Y así durante horas, compartiendo en las diversas “redes sociales” fotos y comentarios, hasta que llega el momento cumbre de la noche, la consagración del amor moderno. El muchacho se levanta dirigiéndose a nosotros y dice:
-Perdonar -por supuesto nada de ustedes a pesar de doblarle en edad- ¿nos haríais una foto?
Asiento con la cabeza y el chico me deja el teléfono. Lo cojo y ambos posan para la eternidad dándose un abrazo. Cuando acabo, le devuelvo el aparato y me da las gracias. Ambos miran las fotos comentando lo bien que han salido y lo guapos que se les ve.
Nosotros continuamos con nuestra tertulia, pero yo no puedo dejar de pensar en la pareja en ciernes. Necesitan la aprobación de su entorno, no hablan porque no es necesario y además no sabrían que decirse. Todo se basa en impresiones, en la imagen. No hay proyecto vital para ambos, no existe un compromiso. El amor dura lo que sea necesario que dure y punto. Es adolescencia ególatra en estado puro y duro, a pesar de que se supone ya han pasado por esa parte de la vida. Solo me interesa el yo. Lo demás es accesorio.
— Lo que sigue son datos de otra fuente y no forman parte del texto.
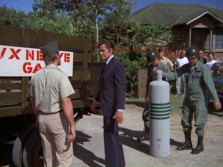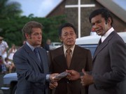 ○ When questions are raised about why McGarrett isn't at the shootout with McKinney, Danno says that he is with the Governor. In real life, this is because this sequence was filmed on Saturday, a day when Jack Lord did not work on the show. I was told that Jack Lord typically worked six days a week during filming of the show (Monday through Saturday). This does not preclude him not working on this particular day, though, assuming it was a Saturday.
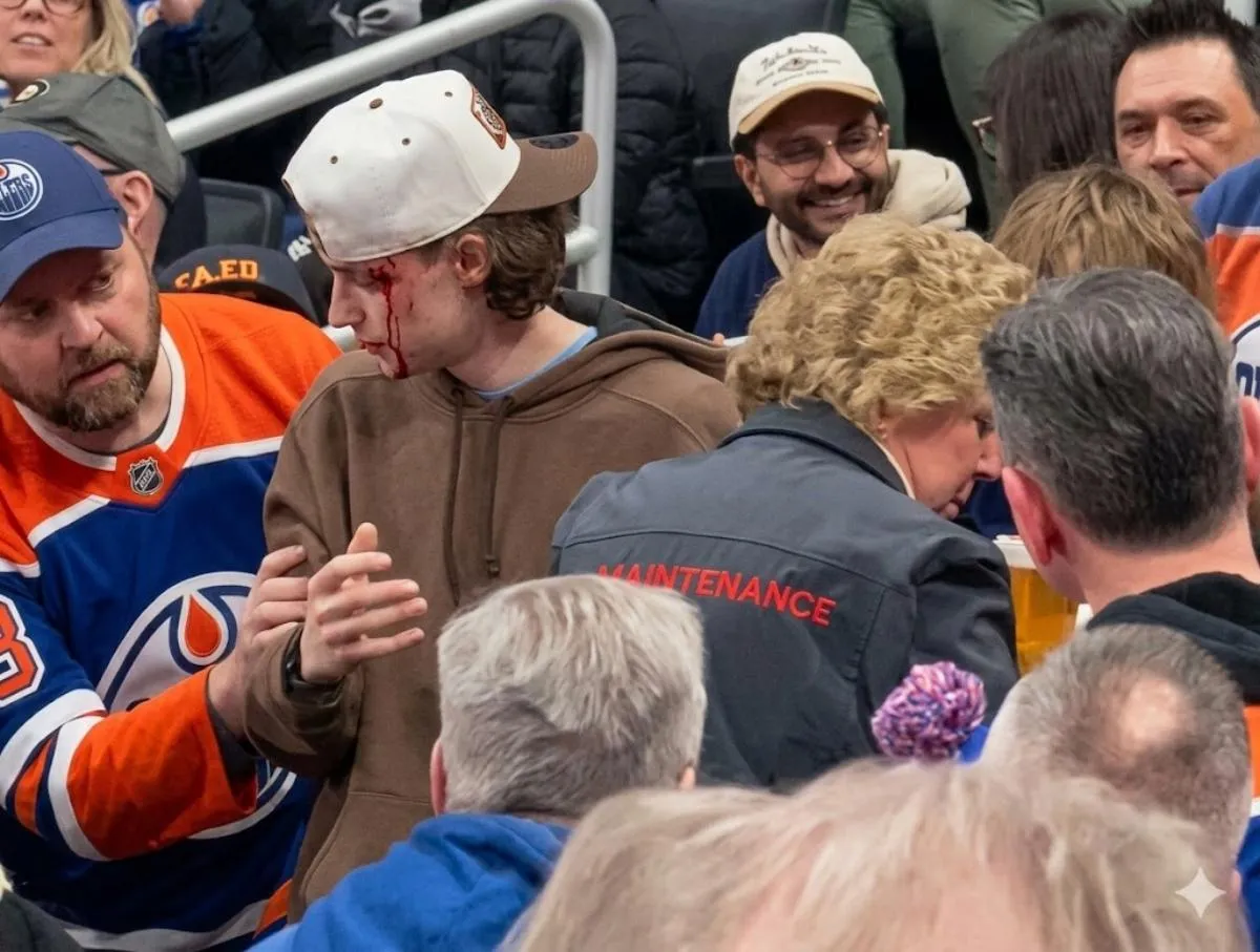 A fan at Rogers Place took a puck in the crowd Saturday night, and the clip turned a loud Edmonton game into a hard jolt of reality.
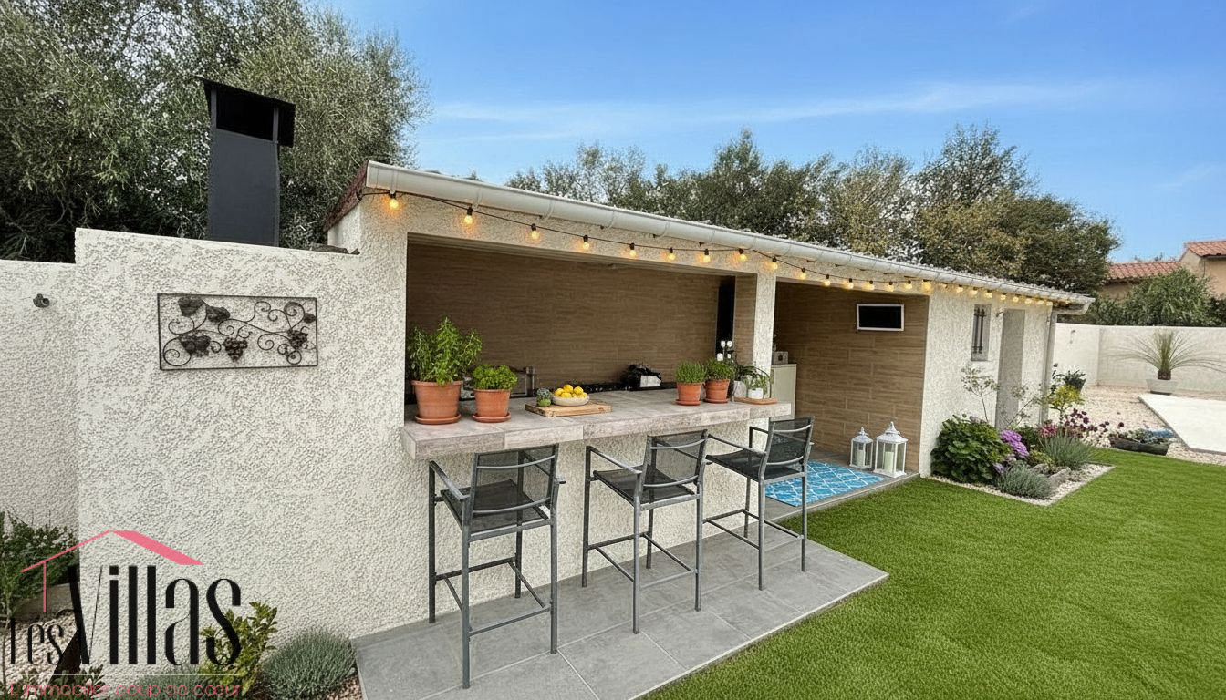 Côté extérieur: Une grande piscine de 7m x 3,5m entourée d'une belle terrasse, une cuisine d'été entièrement équipée avec BBQ vous offrent un bel espace détente pour de beaux moments de partage.
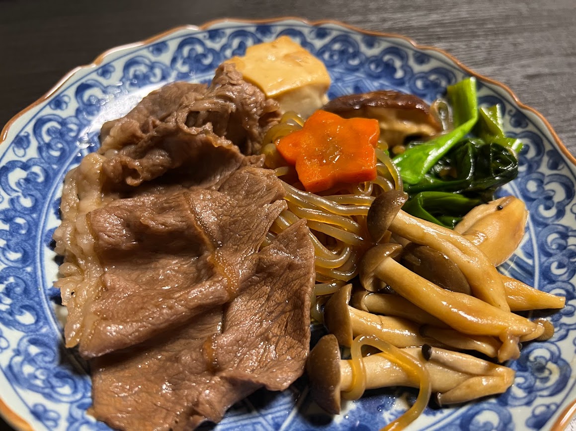 旅館の一部屋に私たち二人だけ。贅沢な時間です。すき焼きは仲居さんが焼いてくれます。 |
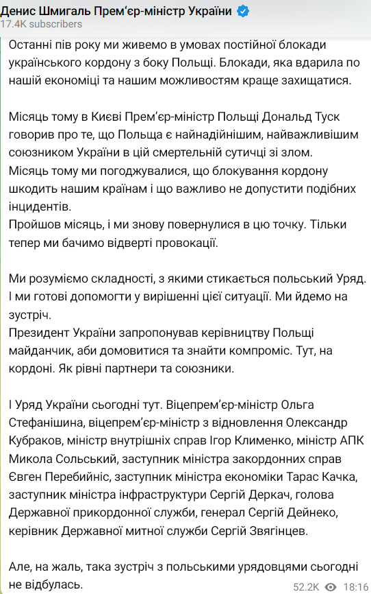 "Месяц назад в Киеве премьер-министр Польши Дональд Туск говорил о том, что Польша является самым надежным, самым важным союзником Украины в этой смертельной схватке со злом. Месяц назад мы соглашались с тем, что блокирование границы вредит нашим странам и что важно не допустить подобных инцидентов. Прошел месяц, и мы снова вернулись в эту точку. Только сейчас мы видим откровенные провокации", – заявил Шмыгаль.
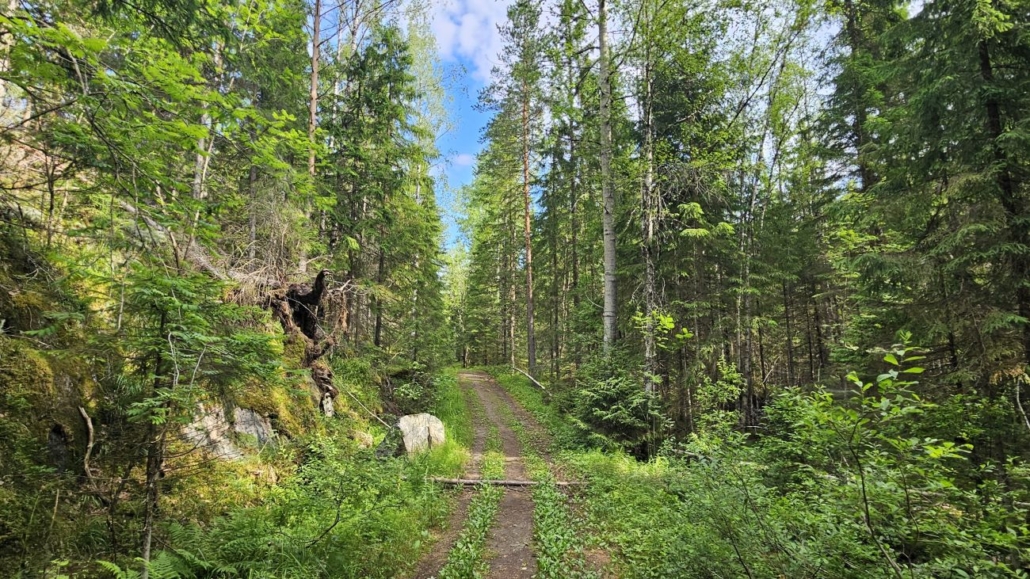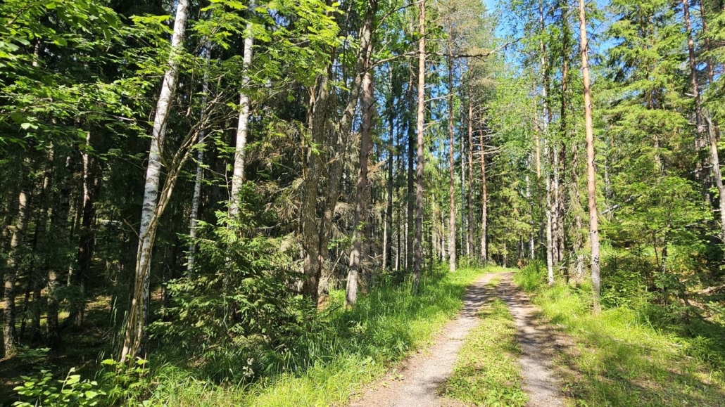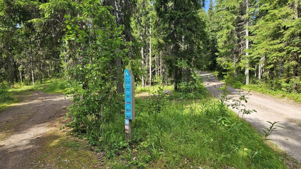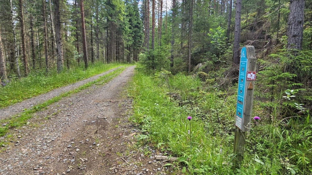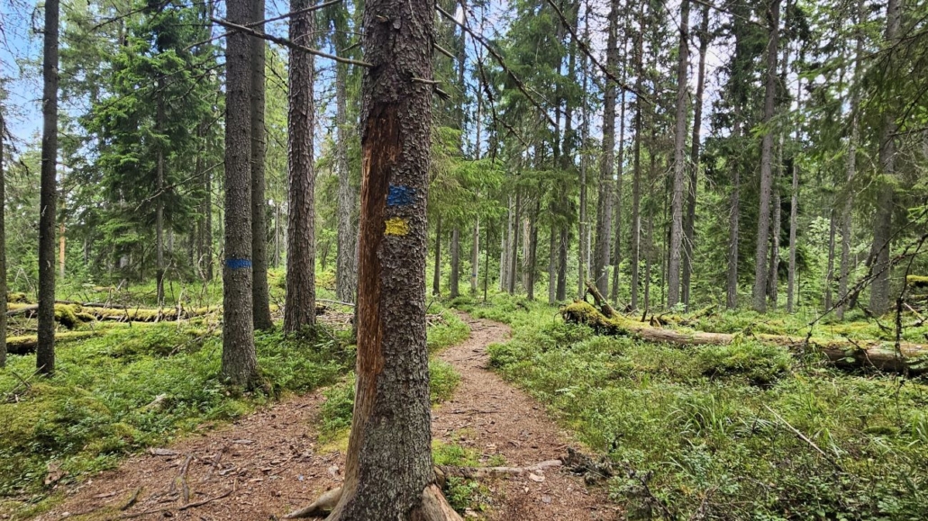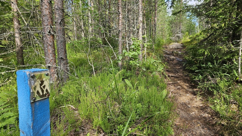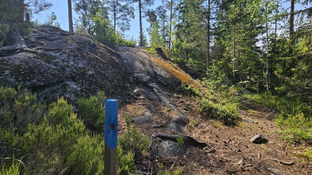 Tie päättyy noin kilometrin kävelyn jälkeen ja reitti jatkuu kapeampana polkuna. Siniset tolpat vaeltajamerkein johtavat aivan Hyvinkään invalidien kesäkodin mökkien takaa kohti metsäisempiä maisemia.

No puedo dejar de entristecerme recordando tiempos pasados. Aquellos tiempos en que dar un beso en la primera cita, era un logro y tocar una teta una hazaña digna de Hernán Cortes. Por supuesto que después lo contabas a tus amigos, pero sin pruebas, por lo que te arriesgabas a que te tildasen de fantasmón. La chica, por lo que se-que el mundo femenino continua siendo una incógnita para mí-, lo ocultaba a todo el mundo, excepto a su mejor amiga o a su hermana mayor. Ya no queda tiempo para la seducción por la palabra, es más, cuanto menos hables, mejor.
Los tiempos han cambiado ¡Dios mío qué mayor me estoy haciendo!